Book Giveaway: IT’S SHOWTIME! by Catherine Lazar Odell

Author/illustrator Catherine Lazar Odell has a new picture book titled, IT’S SHOWTIME! published by Page Street Kids. The book came out a few weeks ago. Besides sharing her book journey, Catherine has treated us by including her illustrating journey creating this book. Enjoy!

PSK has agreed to share a copy of the book with one lucky winner. All you have to do to get in the running is to leave a comment. Reblog, tweet, or talk about it on Facebook with a link and you will get additional chances to win. Just let me know the other things you do to share the good news, so I can put in the right amount of tickets in my basket for you.

Sharing on Facebook, Twitter, reblogging really helps spread the word for a new book. Thanks for helping Catherine!

BOOK DESCRIPTION:

Frannie loves to have an audience. Pepper prefers to perform when no one is around. Pepper and Frannie are best friends, and they both love a good show.

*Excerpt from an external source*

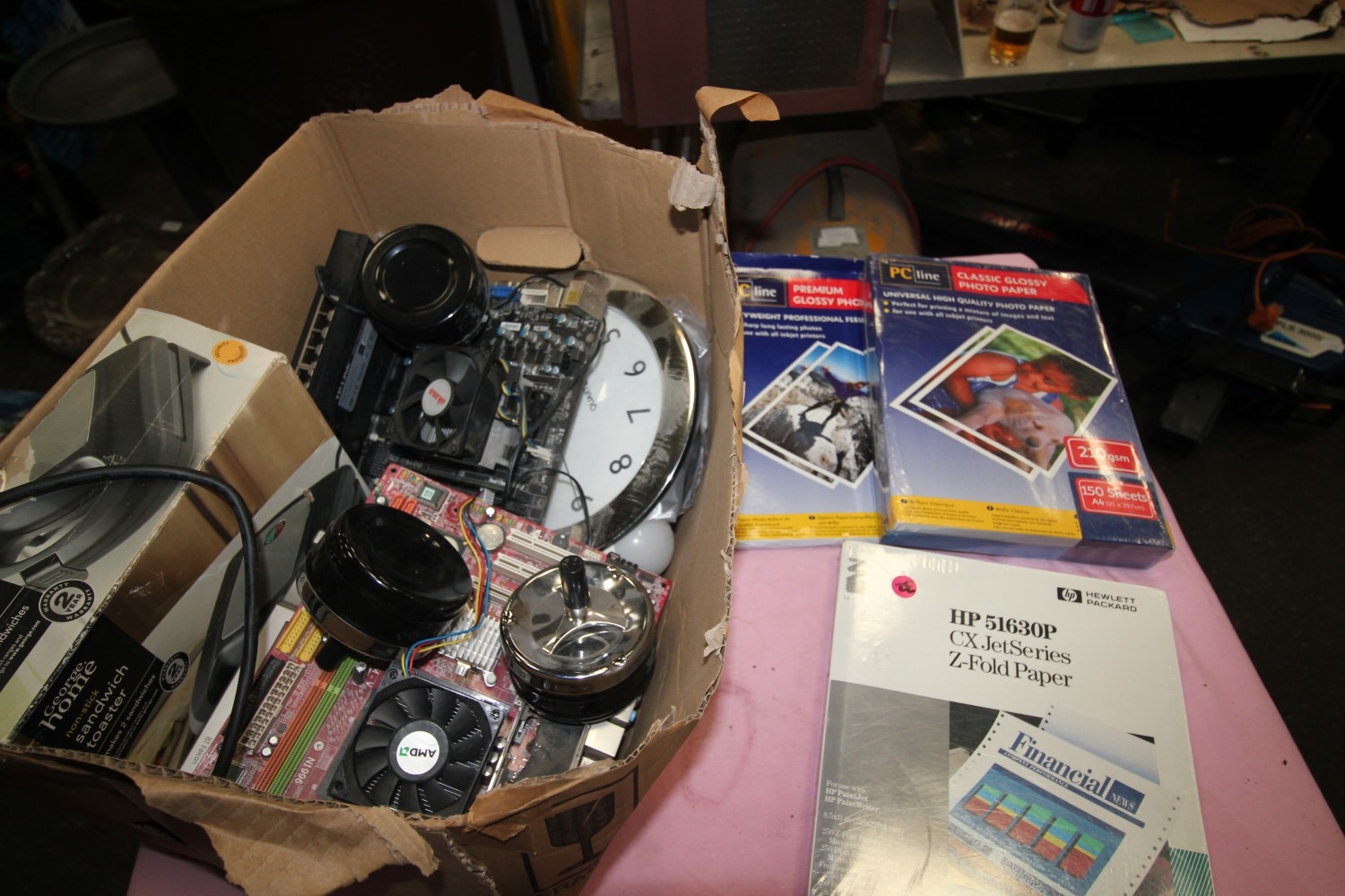 box selection of items inc a sandwich toaster a 5 port tp link quantity of photo paper and more

When they decide to stage a performance themselves, Pepper is content to work behind the scenes as Frannie prepares an epic, extravagant spectacle: it will have lights, and action, and drama! She’s just forgetting one thing…to practice her song. When Frannie’s lack of preparation leaves her stuck in front of a crowd, can anything save her act? Luckily Pepper knows just how to help. The show must go on!

Utterly charming, energetic illustrations and simple, funny text highlight the power of celebrating each other’s strengths and working as a team in this return of the lovable pair.

BOOK JOURNEY:

This is the second book for Pepper and Frannie, so I supposed I’ll start with a quick recap of that journey. My second time attending an SCBWI conference in NY, I put my portfolio in the illustrator’s showcase. I also put my portfolio in the showcase the first conference I went to, but not a single person took my card. (Yes, I counted my cards before and after. Yes, it was a bummer.) But the second time I got an email from the (now former) editor at Page Street that very evening, asking if I had a story for one of my images. I did not! But I knew I could write one and said I would send her a couple ideas soon. We kept in touch until I finally managed to write a text she was excited about, and we signed my first contract as an author and illustrator about six months after that first email.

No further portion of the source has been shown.